# Needing a Man's Perspective From Outside



## Chrissie0511 (Mar 1, 2012)

I sometimes feel like I would do anything for my husband, I would go to the ends of the earth for him, but he won't do that for ANYONE else, not even me, his wife. I have jumped in and helped him financially when necessary, I have helped him physically when necessary. He thinks that I am supposed to bow down to his feet or something just because he moved me from an apartment to a house. He thinks that just because he married me I am supposed to be thankful, like there was nobody else that would have ever chosen me. That's how it makes me feel sometimes. Now, that is just a part of my dilemma, now when it comes to helping me with something such as changing the tires on my truck or helping me fix something, he will not lend a hand, he will not help me in any way shape or form, he will give me what he thinks is good advice, but he will not jump up and say hey, let me take that tire off for you and go put a new one on, I am expected to do all of this myself. To be honest, I have never been with a man that has ever made me do these things myself, I have always had my brother, or dad to do it for me too, but my husband, the man who is supposed to be my everything just won't help me with any of this. I don't know what to do or how to get him to see it. Just so that you are aware, I have even helped him take his motorcycle apart to help him change the spark plugs. I had no clue what I was doing, but I helped him because I love him and decided to be there to help, but when the table turns, I can't get that help. I just don't understand it.


----------



## ShuttleDIK (Oct 18, 2010)

What does he say when you ask him about it?


----------



## Chrissie0511 (Mar 1, 2012)

He basically just tells me that if it is my item, that makes it my responsibility.


----------



## Twistedheart (May 17, 2010)

It sounds like there may be some underlying resentment towards you. This is not normal behavior, in my opinion, and requires some real thorough conversation. And if there is no underlying motive to 'get back at you' for something, then he's just a dead beat. Sorry.


----------



## Mello_Yellow (Feb 22, 2012)

Chrissie0511 said:


> He basically just tells me that if it is my item, that makes it my responsibility.

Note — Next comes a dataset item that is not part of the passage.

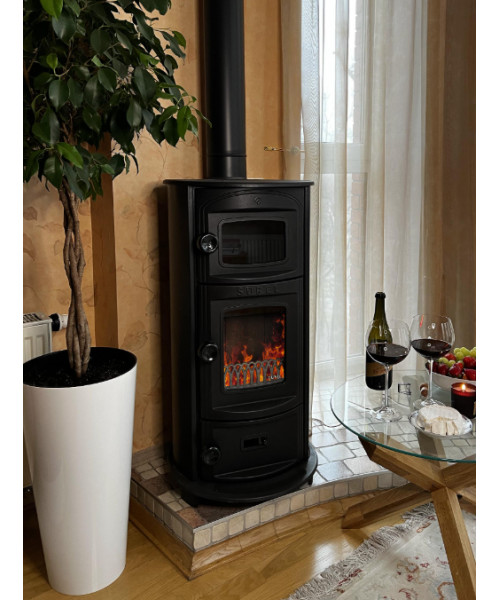 Піч оснащена великою камінною топкою зі склом SCHOTT (Німеччина), має значну масу, що забезпечує високу теплоємність та ККД. Працює на різних видах твердого палива — дровах, брикетах, пелетах та навіть висококалорійному вугіллі. Функціональна духовка та чавунна конфорка дозволяють готувати, випікати та сушити продукти. Підходить як для опалення будинків до 100 м², так і як декоративний або HoReCa-елемент.

I hate when guys make cop-out statements like this. I would tell him in a nice way, "Honey, when we became a married couple, we SHARE responsibilities. Especially things that a man generally knows more about. I would really appreciate your help with this."

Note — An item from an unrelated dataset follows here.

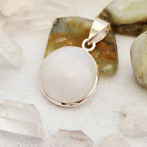 Rainbow Moonstone Circular Pendant (sterling silver)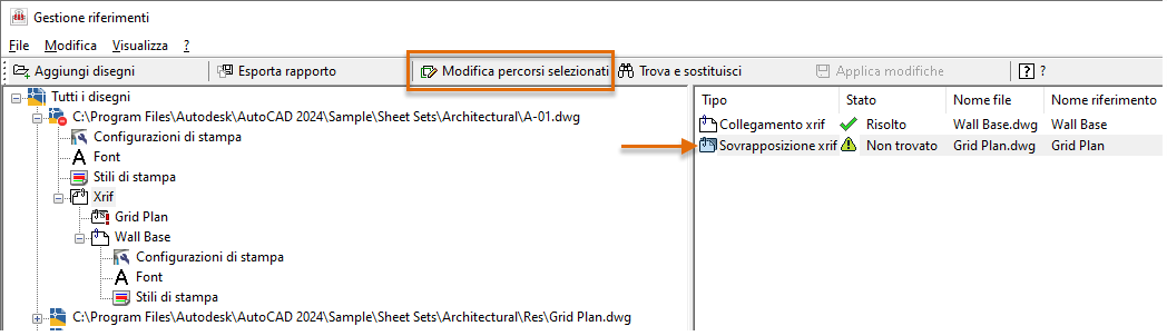 Nota: L'aggiornamento dei percorsi dei riferimenti con Gestione riferimenti potrebbe comportare il salvataggio dei file di disegno in un formato diverso rispetto all'ultimo salvataggio.

If he still acts the same way...then I am at a loss. I have a brother in law that is like this. My sister and I have to do a great deal for our mother, who is disabled. My wonderful bro-in-law, who is a freaking _teacher_ for a large US automotive manufacturer, refuses to even look at his own wife's mother's car if she has a problem. Says "your mom's car is your problem". 

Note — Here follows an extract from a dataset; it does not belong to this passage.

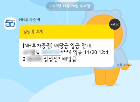 주식은 공부 차원에서 아주 조금 하고 있는데 #삼성전자 3분기 배당금이 들어왔다는 카톡이 왔더군요. 삼전은 일년에 4번 분기별 배당하는 주식인데 최근 흐름도 매우 좋고, 소액이지만 이렇게 배당금이 들어와 보유하고 있는 보람이 있습니다.

It's time for your man to "man up", and show you some respect. I can't imagine leaving things like this to my wife. Make sure that you remind him that marriage is an EQUAL partnership...and good luck!


----------



## ShuttleDIK (Oct 18, 2010)

Chrissie0511 said:


> He basically just tells me that if it is my item, that makes it my responsibility.


That's pretty harsh. You told him you'd like some reciprocation and he blows you off? I'm definitely not taking his side, but it seems like I'm missing something. 'Cause if he is/was always that way, why are you WITH him?

My wife is more than a little brusk and won't let fly with pleasantries, but when she's up for it, she contributes greatly.

Of course, w/ my 'nice guy' tendencies, I'm always looking for more reciprocation. I'm learning that isn't exactly fair.


----------



## Buddysnude (Mar 26, 2012)

First off, When you two got married, what's his became yours and what's yours became his. So if he won't change a tire on your truck, drive his vehicle, he will either fix it your truck or walk.

Seriously, There is an underlining problem here, maybe his Mom made him do everything growing up as to make him resent any woman asking him to do anything. Or, he may have the mentality of "What's in it for me" In any case, Communication is the key, keep talking to him to find out why he acts the way he does when you ask him to do something.


----------



## Jeff/BC (Apr 1, 2012)

Two parts to this answer:

a) You, apparently, are pretty certain that your partner is not a partner. If that is correct, then you need to divorce him pronto.

b) The IF THAT IS CORRECT part is key. In my experience, people tend to value their own contributions to a relationship and devalue the contributions of their partner. Are you CERTAIN that from his viewpoint he is unwilling to do anything? While we're at it, I am generally suspicious of anyone saying, "I would do anything for my partner." I hear that a lot in some circles and it's generally untrue. "Anything" covers an awful lot of ground.

So I guess what I'd end up with is saying you should leave him AFTER you check your facts CAREFULLY and make sure you're not operating from personal bias. But if your story is factually correct... "you would do anything and he will do nothing" then really it's a pretty obvious answer. I just don't think that's likely to be correct on both counts.

~Jeff


----------



## RClawson (Sep 19, 2011)

Chrissie0511 said:


> I sometimes feel like I would do anything for my husband, I would go to the ends of the earth for him, but he won't do that for ANYONE else, not even me, his wife. I have jumped in and helped him financially when necessary, I have helped him physically when necessary. He thinks that I am supposed to bow down to his feet or something just because he moved me from an apartment to a house. He thinks that just because he married me I am supposed to be thankful, like there was nobody else that would have ever chosen me. That's how it makes me feel sometimes. Now, that is just a part of my dilemma, now when it comes to helping me with something such as changing the tires on my truck or helping me fix something, he will not lend a hand, he will not help me in any way shape or form, he will give me what he thinks is good advice, but he will not jump up and say hey, let me take that tire off for you and go put a new one on, I am expected to do all of this myself. To be honest, I have never been with a man that has ever made me do these things myself, I have always had my brother, or dad to do it for me too, but my husband, the man who is supposed to be my everything just won't help me with any of this. I don't know what to do or how to get him to see it. Just so that you are aware, I have even helped him take his motorcycle apart to help him change the spark plugs. I had no clue what I was doing, but I helped him because I love him and decided to be there to help, but when the table turns, I can't get that help. I just don't understand it.


to put it bluntly your husband is a complete a$$. I would not expect him to change unless you lay down an ultimatum. Absolutely unacceptable behavior for a spouse.


----------